* _REQUIREMENT_: From the material below, retype exactly the lines that begin at the line with "For the items" and end after the line with "Durable braided USB"; pictures stay out of the copy.

* _EXTRACTED RECORDS_:
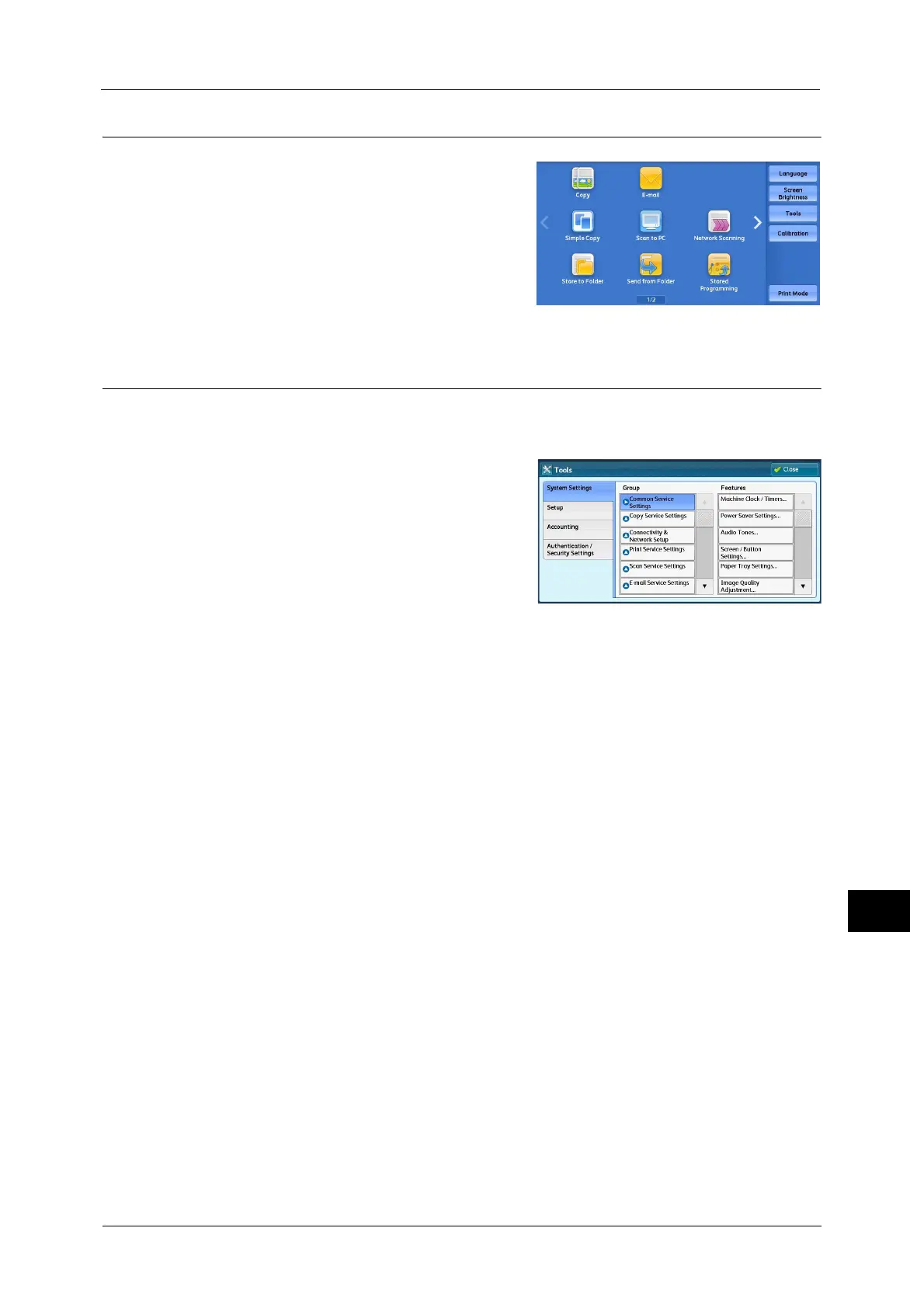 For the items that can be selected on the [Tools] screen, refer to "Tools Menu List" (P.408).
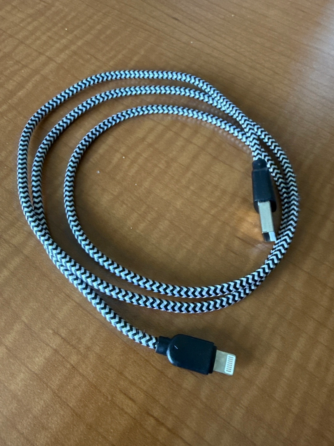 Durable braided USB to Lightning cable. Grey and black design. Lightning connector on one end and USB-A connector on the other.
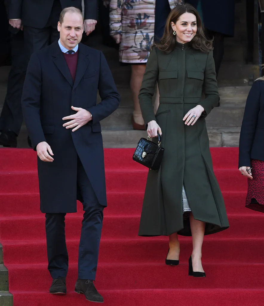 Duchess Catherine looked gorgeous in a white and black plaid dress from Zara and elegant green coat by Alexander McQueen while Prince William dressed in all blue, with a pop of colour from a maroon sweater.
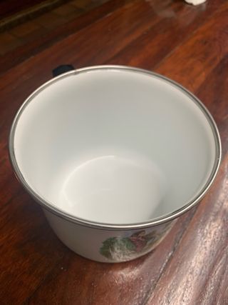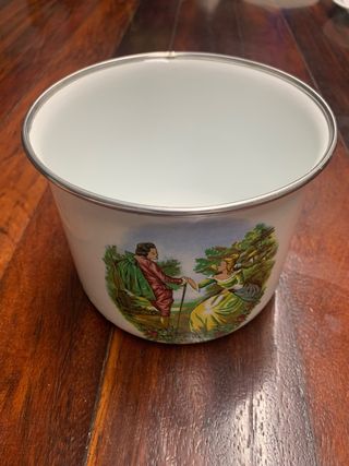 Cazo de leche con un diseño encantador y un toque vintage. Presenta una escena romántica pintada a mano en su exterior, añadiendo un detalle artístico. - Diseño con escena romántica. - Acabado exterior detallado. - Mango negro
---
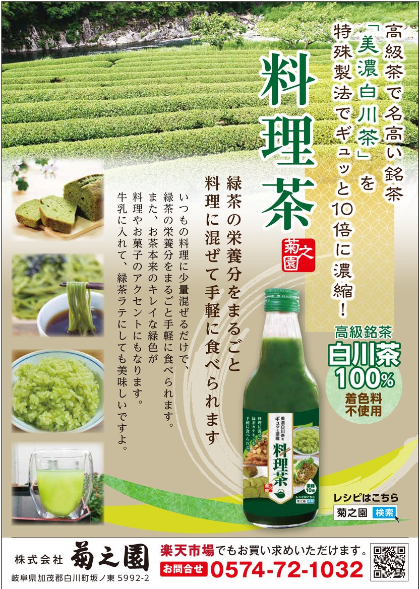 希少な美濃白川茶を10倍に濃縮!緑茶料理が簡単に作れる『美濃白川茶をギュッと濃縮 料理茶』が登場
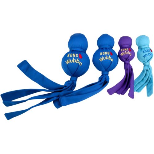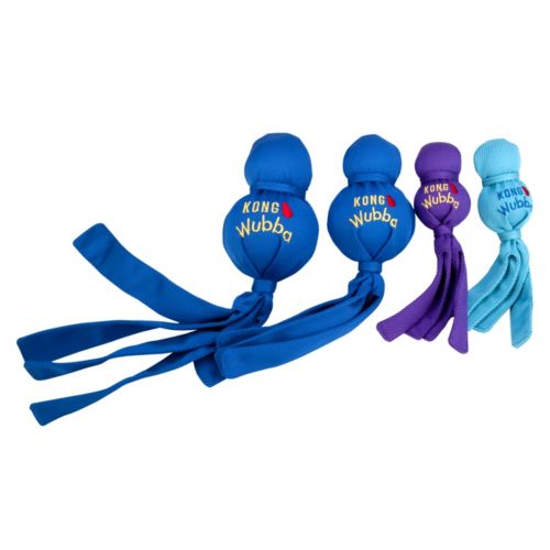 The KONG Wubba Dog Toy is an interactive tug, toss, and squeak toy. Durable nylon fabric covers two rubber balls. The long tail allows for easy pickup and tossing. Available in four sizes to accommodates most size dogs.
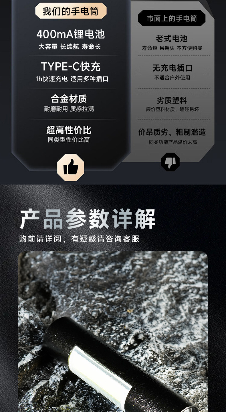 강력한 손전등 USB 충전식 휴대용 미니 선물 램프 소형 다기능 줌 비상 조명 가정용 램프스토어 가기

* _REPLY_:
 For the items that can be selected on the [Tools] screen, refer to "Tools Menu List" (P.408).
 Durable braided USB to Lightning cable. Grey and black design. Lightning connector on one end and USB-A connector on the other.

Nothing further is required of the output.